What you have to do:
From the records below, output exactly the lines starting at the line with "[Fukuhana] 名刺入れ メンズ" and ending at the line with "Featuring a pair", both of them included, but no pictures.

*** Provided records Section Begins ***

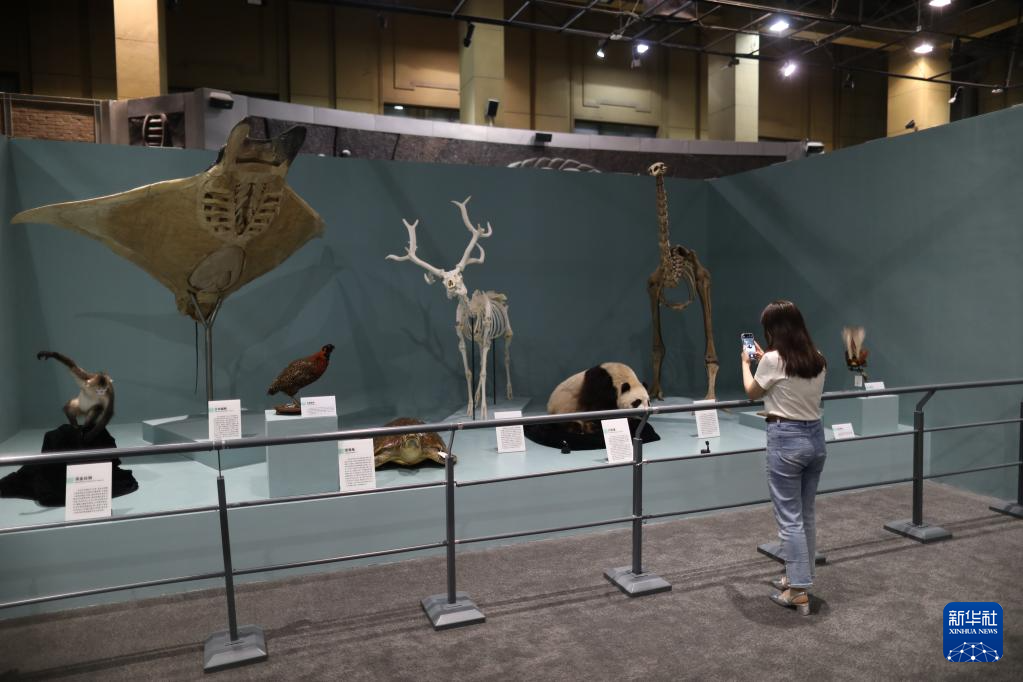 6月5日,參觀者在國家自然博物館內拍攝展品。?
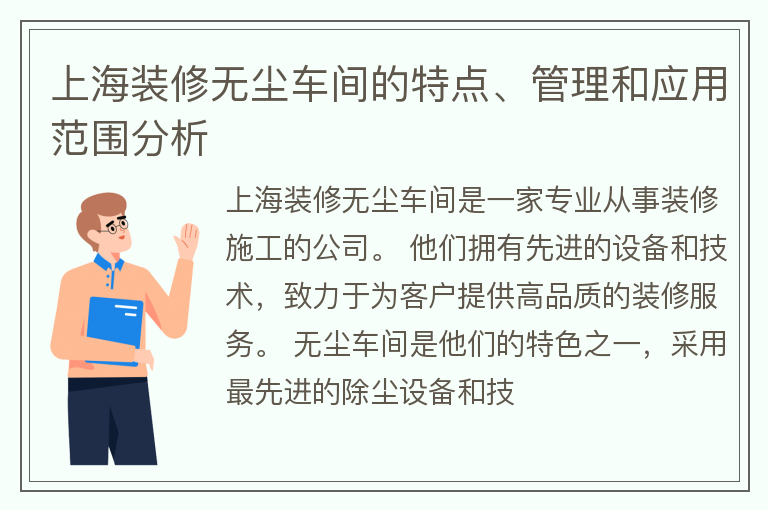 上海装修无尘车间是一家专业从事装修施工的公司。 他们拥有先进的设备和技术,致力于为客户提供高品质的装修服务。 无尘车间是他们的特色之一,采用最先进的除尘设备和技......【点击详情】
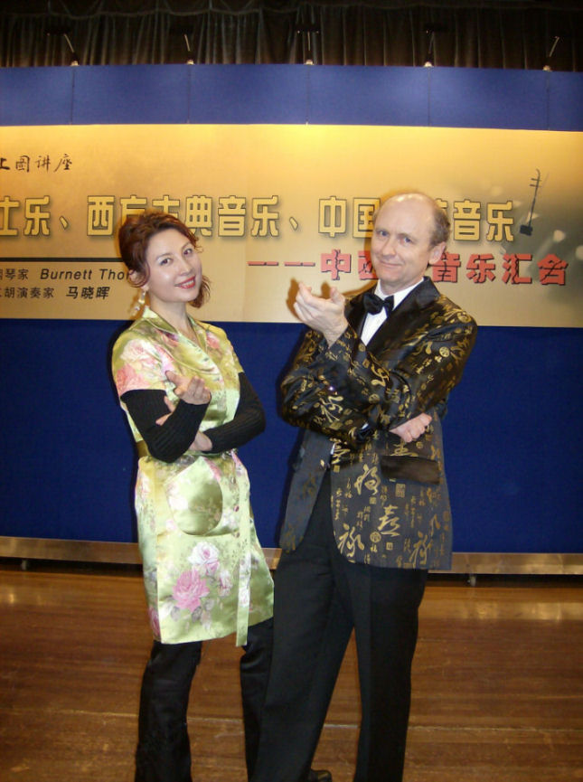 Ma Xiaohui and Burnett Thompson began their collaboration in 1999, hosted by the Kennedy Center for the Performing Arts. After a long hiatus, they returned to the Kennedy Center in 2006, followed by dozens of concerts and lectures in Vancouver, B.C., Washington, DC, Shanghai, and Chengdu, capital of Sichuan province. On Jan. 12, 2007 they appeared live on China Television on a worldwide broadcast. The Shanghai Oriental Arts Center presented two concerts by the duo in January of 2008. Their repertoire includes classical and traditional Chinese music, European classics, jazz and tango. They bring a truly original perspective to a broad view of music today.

*** Provided records Section Ends ***
*** Provided records Section Begins ***

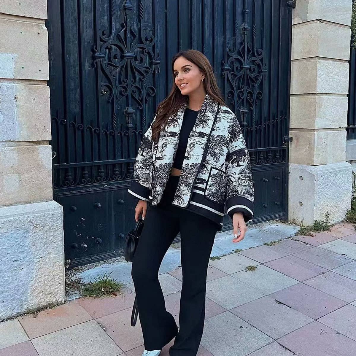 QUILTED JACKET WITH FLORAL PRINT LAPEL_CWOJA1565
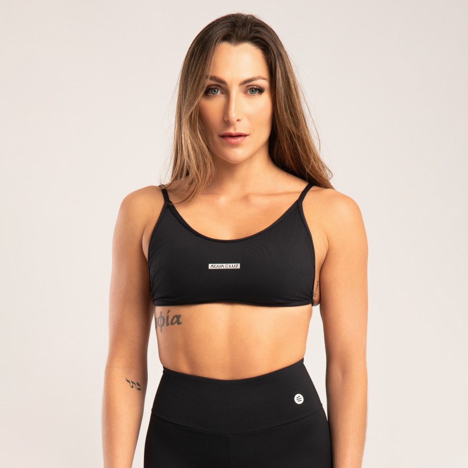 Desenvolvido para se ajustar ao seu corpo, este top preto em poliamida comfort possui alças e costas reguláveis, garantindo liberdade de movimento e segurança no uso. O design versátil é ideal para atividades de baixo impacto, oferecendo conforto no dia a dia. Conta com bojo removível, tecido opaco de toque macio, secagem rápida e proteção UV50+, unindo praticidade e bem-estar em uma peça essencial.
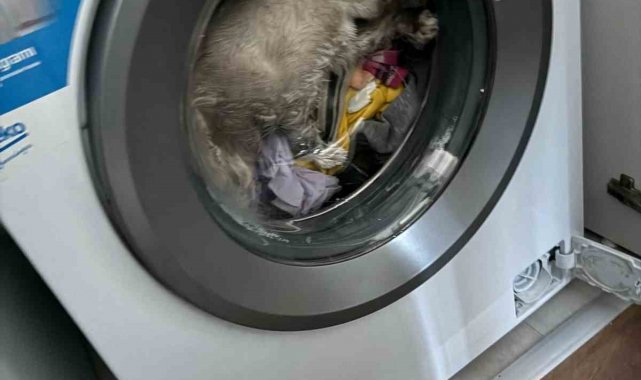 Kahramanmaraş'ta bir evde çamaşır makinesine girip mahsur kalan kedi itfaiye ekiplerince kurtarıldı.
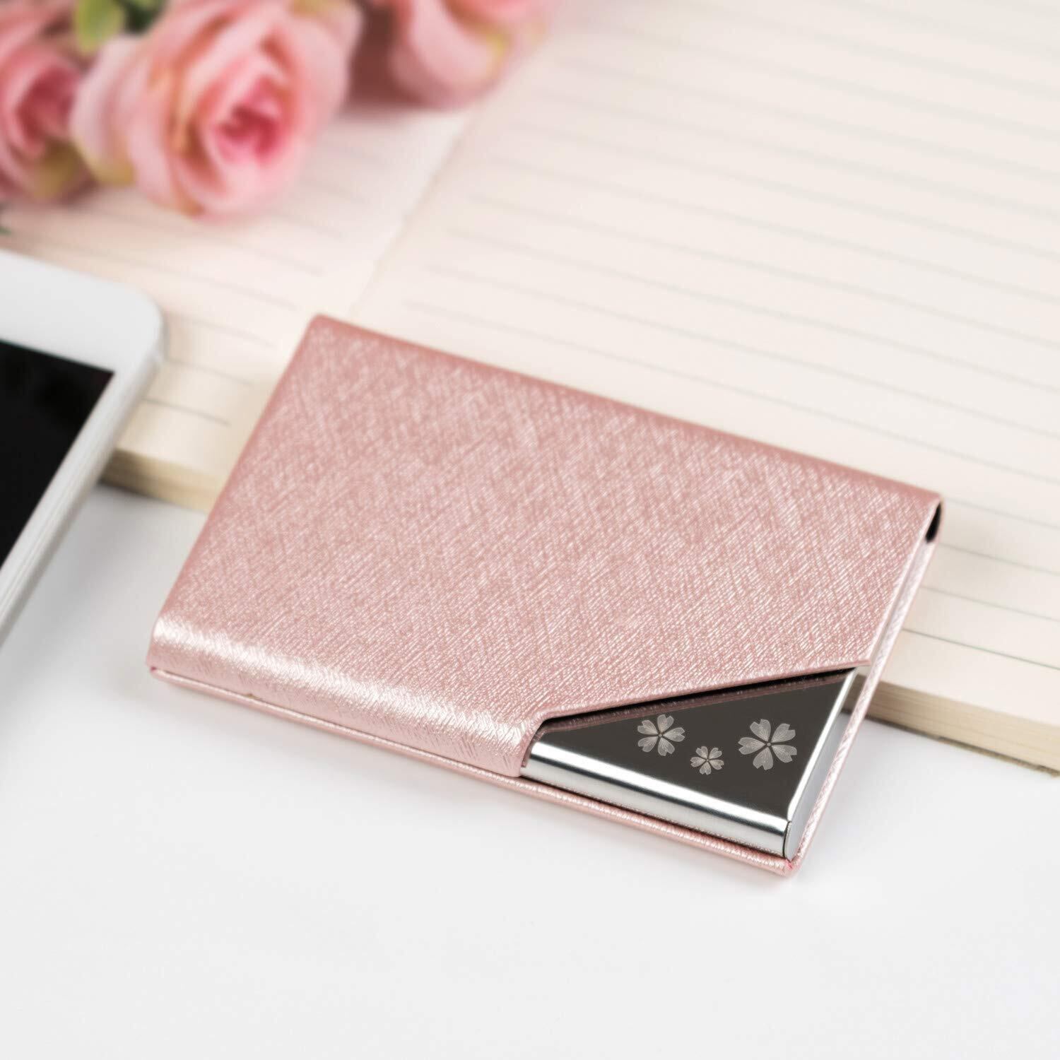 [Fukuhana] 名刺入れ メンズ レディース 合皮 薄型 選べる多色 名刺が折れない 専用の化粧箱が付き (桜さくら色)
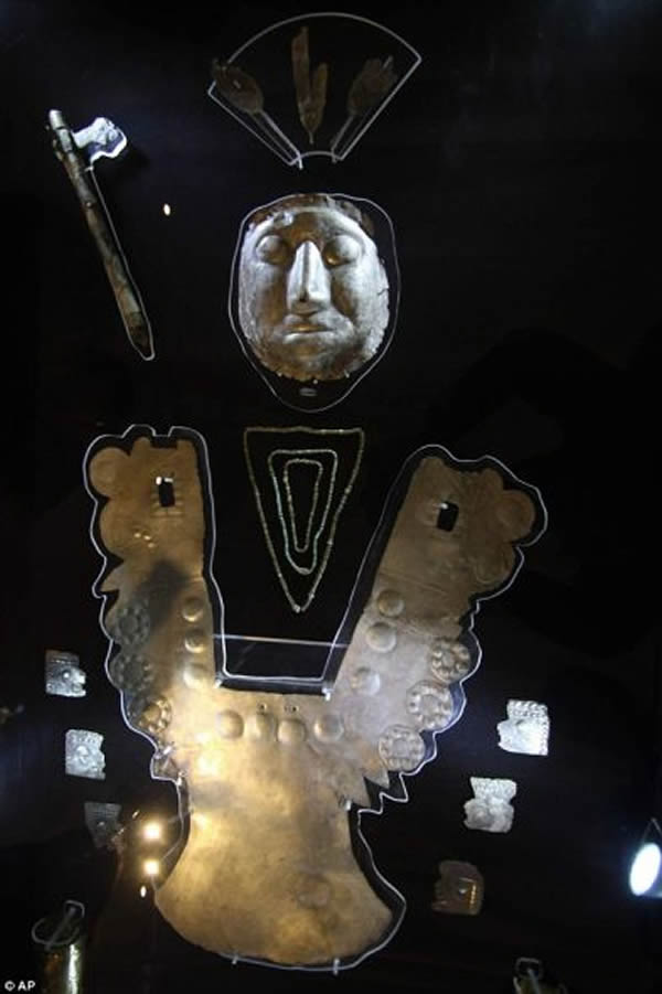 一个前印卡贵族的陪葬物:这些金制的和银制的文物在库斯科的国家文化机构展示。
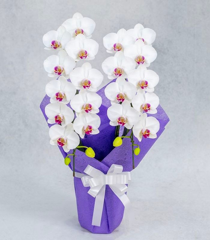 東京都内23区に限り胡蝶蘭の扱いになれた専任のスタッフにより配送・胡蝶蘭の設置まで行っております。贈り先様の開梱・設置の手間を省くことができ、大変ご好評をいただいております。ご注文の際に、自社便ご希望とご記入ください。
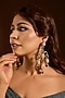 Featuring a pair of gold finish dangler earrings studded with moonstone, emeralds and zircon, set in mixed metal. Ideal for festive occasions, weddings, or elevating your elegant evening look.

*** Provided records Section Ends ***

Response area:
 [Fukuhana] 名刺入れ メンズ レディース 合皮 薄型 選べる多色 名刺が折れない 専用の化粧箱が付き (桜さくら色)
 一个前印卡贵族的陪葬物:这些金制的和银制的文物在库斯科的国家文化机构展示。
 東京都内23区に限り胡蝶蘭の扱いになれた専任のスタッフにより配送・胡蝶蘭の設置まで行っております。贈り先様の開梱・設置の手間を省くことができ、大変ご好評をいただいております。ご注文の際に、自社便ご希望とご記入ください。
 Featuring a pair of gold finish dangler earrings studded with moonstone, emeralds and zircon, set in mixed metal. Ideal for festive occasions, weddings, or elevating your elegant evening look.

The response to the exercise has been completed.